Available data:
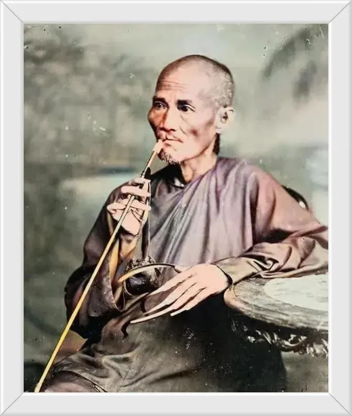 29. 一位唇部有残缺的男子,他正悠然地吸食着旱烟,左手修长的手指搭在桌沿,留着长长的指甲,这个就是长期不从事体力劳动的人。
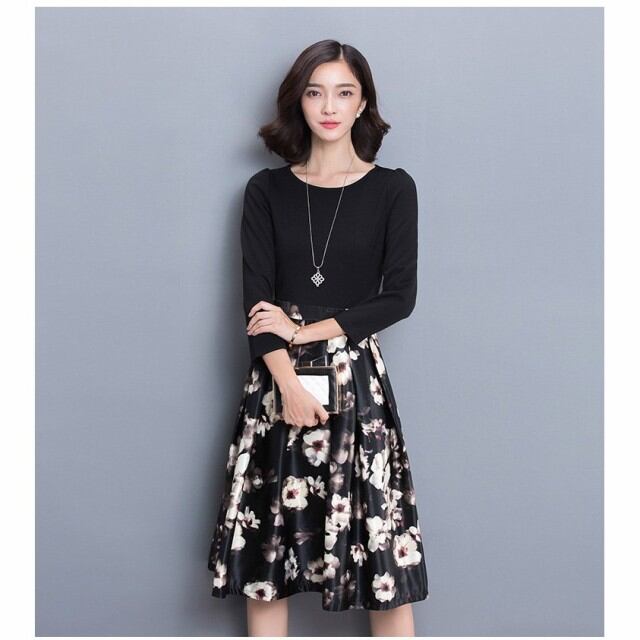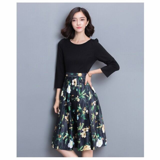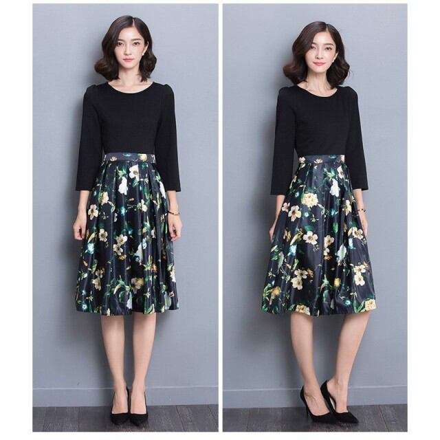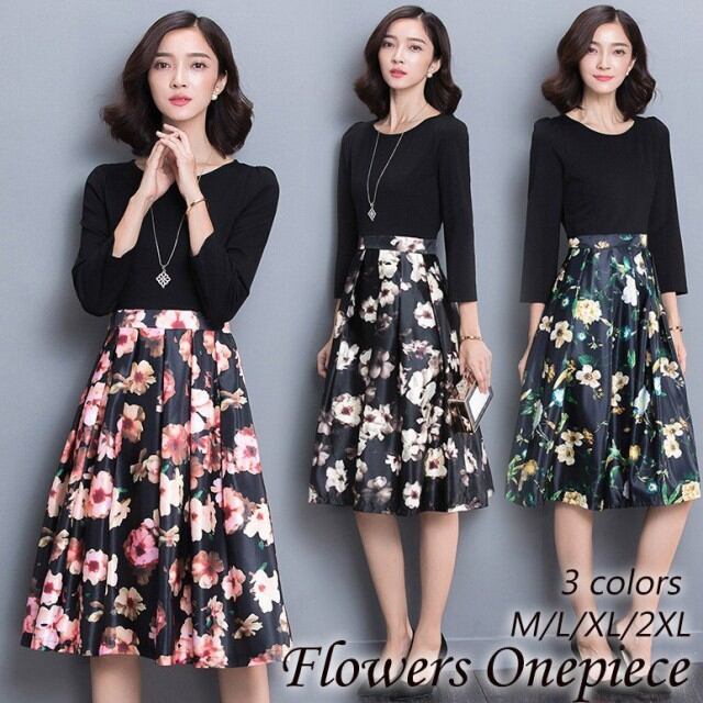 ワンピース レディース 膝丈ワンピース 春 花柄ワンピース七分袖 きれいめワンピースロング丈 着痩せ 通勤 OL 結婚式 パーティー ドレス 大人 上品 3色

* * *

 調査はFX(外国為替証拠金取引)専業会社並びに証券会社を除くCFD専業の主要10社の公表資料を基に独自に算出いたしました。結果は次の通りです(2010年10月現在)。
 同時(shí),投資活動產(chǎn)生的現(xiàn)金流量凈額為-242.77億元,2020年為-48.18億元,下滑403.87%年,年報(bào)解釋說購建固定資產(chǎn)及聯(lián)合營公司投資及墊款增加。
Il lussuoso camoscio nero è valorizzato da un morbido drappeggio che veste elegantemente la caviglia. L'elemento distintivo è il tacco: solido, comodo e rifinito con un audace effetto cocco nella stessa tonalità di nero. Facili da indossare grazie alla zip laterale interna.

Required work: What is needed is an exact copy of the lines above, from the one containing "調査はFX(外国為替証拠金取" through the one containing "Il lussuoso camoscio", with nothing added.

Solution to this exercise:
 調査はFX(外国為替証拠金取引)専業会社並びに証券会社を除くCFD専業の主要10社の公表資料を基に独自に算出いたしました。結果は次の通りです(2010年10月現在)。
 同時(shí),投資活動產(chǎn)生的現(xiàn)金流量凈額為-242.77億元,2020年為-48.18億元,下滑403.87%年,年報(bào)解釋說購建固定資產(chǎn)及聯(lián)合營公司投資及墊款增加。
Il lussuoso camoscio nero è valorizzato da un morbido drappeggio che veste elegantemente la caviglia. L'elemento distintivo è il tacco: solido, comodo e rifinito con un audace effetto cocco nella stessa tonalità di nero. Facili da indossare grazie alla zip laterale interna.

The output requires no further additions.